Astra for Gaming
What middleBrick covers
- Black-box scanning with no agents or SDK dependencies
- Detection of OWASP API Top 10 risks and LLM adversarial probes
- OpenAPI 3.0/3.1 and Swagger 2.0 parsing with ref resolution
- Authenticated scans with domain verification controls
- CI/CD integration via GitHub Action and MCP Server
- Continuous monitoring with diff detection and webhook alerts
Scope and Limitations of API Security Scanning
API security for gaming platforms requires a clear understanding of what a scanner can and cannot do. middleBrick is a black-box scanner that submits read-only requests and analyzes responses. It does not execute destructive payloads, so it cannot fix, patch, block, or remediate issues. It does not perform active SQL injection or command injection tests, which require intrusive payloads outside the scope of passive detection. It also does not detect business logic vulnerabilities, blind SSRF that relies on out-of-band infrastructure, or guarantee any specific compliance status.
Detection Coverage for Gaming APIs
Gaming APIs often expose authentication tokens, player data, and transactional endpoints that must be protected against enumeration and privilege abuse. This scanner evaluates 12 categories aligned to the OWASP API Top 10 (2023), including Authentication bypass, BOLA and IDOR via sequential ID probing, BFLA and privilege escalation through admin endpoint exposure, and Property Authorization overreach. It checks Input Validation settings such as CORS wildcards and dangerous HTTP methods, as well as Rate Limiting controls, Data Exposure risks including PII and credit card patterns, and Encryption posture like HTTPS redirects and HSTS.

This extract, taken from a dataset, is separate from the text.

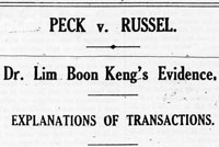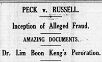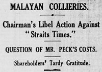 Hong Guan issued a writ against Archie in Singapore on 18 May. There was a lull in the letters for 10 days until another letter on 26 May demanded Archie’s answer. On 5 and 6 June the Straits Times and the Malay Mail carried J. A. Russell and Co.’s detailed reply, which was a copy of a circular that had been sent to all the shareholders. It refuted the allegation that the option on the Poemoekan mine belonged to Malayan Collieries and was diverted to J. A. Russell and Co., in order for them to make a profit. In great detail, (nearly 6,000 words) the circular set out the process by which Ng Hong Guan, acquired the option and sold it to J. A. Russell and Co., and they sold it on to Malayan Collieries. It considered that J. A. Russell and Co. were independent and under no moral obligation to Malayan Collieries, and that it was a transaction in the ordinary way of business: “ and we feel confident that …it must be apparent that we have done nothing contrary to our duties as Secretaries and Managing agents of Malayan Collieries Ltd.” They were not prepared to discuss the profit they made: “the amount which in turn has to be paid to prior vendors and others, together with the names and nature of the interests of such persons is no business of the purchaser.” The circular was summarised and discussed in The Singapore Free Press and Mercantile Advertiser of 7 June, who pointed out that Mr. Peck will have something to say about it and that the issue is:” the more complicated because of the confusion between Mr. Russell himself, Mr. Russell as a partner of J. A. Russell and Co. and Mr. Russell as the agent and a director of the Malayan Collieries". On 9 June Mr. Peck’s response was published. Included in it were two letters written by Archie to Ng Hong Guan, which he said, proved that Archie was acting on behalf of Malayan Collieries.

For AI-enabled gaming features, the scanner runs 18 adversarial probes across Quick, Standard, and Deep tiers. These probes test system prompt extraction, instruction override, DAN and roleplay jailbreaks, data exfiltration attempts, cost exploitation, encoding bypasses, translation-embedded injection, few-shot poisoning, markdown injection, multi-turn manipulation, indirect prompt injection, token smuggling, tool-abuse, nested instruction injection, and PII extraction. Sensitive areas such as LLM endpoints are treated with the same rigor as traditional API controls.
OpenAPI Analysis and Integration Context
The scanner parses OpenAPI 3.0, 3.1, and Swagger 2.0 documents with recursive $ref resolution. It cross-references spec definitions against runtime behavior to surface undefined security schemes, sensitive field exposure, deprecated operations, and missing pagination. This approach helps identify mismatches between declared design and actual behavior, which is valuable for gaming APIs that integrate multiple backend services and real-time event streams. The tool does not assume trust in the spec and validates what the endpoint returns under controlled conditions.
Authenticated Scanning and Domain Verification
Authenticated scans, available at the Starter tier and above, support Bearer tokens, API keys, Basic auth, and Cookies. Before credentials are accepted, a domain verification gate checks DNS TXT records or an HTTP well-known file to confirm domain ownership. This ensures that only the legitimate owner can run authenticated scans against a given domain. When credentials are used, the scanner limits forwarded headers to an allowlist that includes Authorization, X-API-Key, Cookie, and X-Custom-* headers.
Compliance Mapping and Reporting
findings map directly to PCI-DSS 4.0, SOC 2 Type II, and OWASP API Top 10 (2023). For other frameworks, the output helps you prepare for audits by aligning with security controls described in relevant standards and supports audit evidence for your internal reviews. The Web Dashboard provides scan records, score trend analysis, and downloadable compliance PDFs, while the CLI and GitHub Action enable CI/CD gating based on score thresholds. Continuous monitoring options include scheduled rescans, diff detection for new or resolved findings, and HMAC-SHA256 signed webhooks with auto-disable after repeated failures.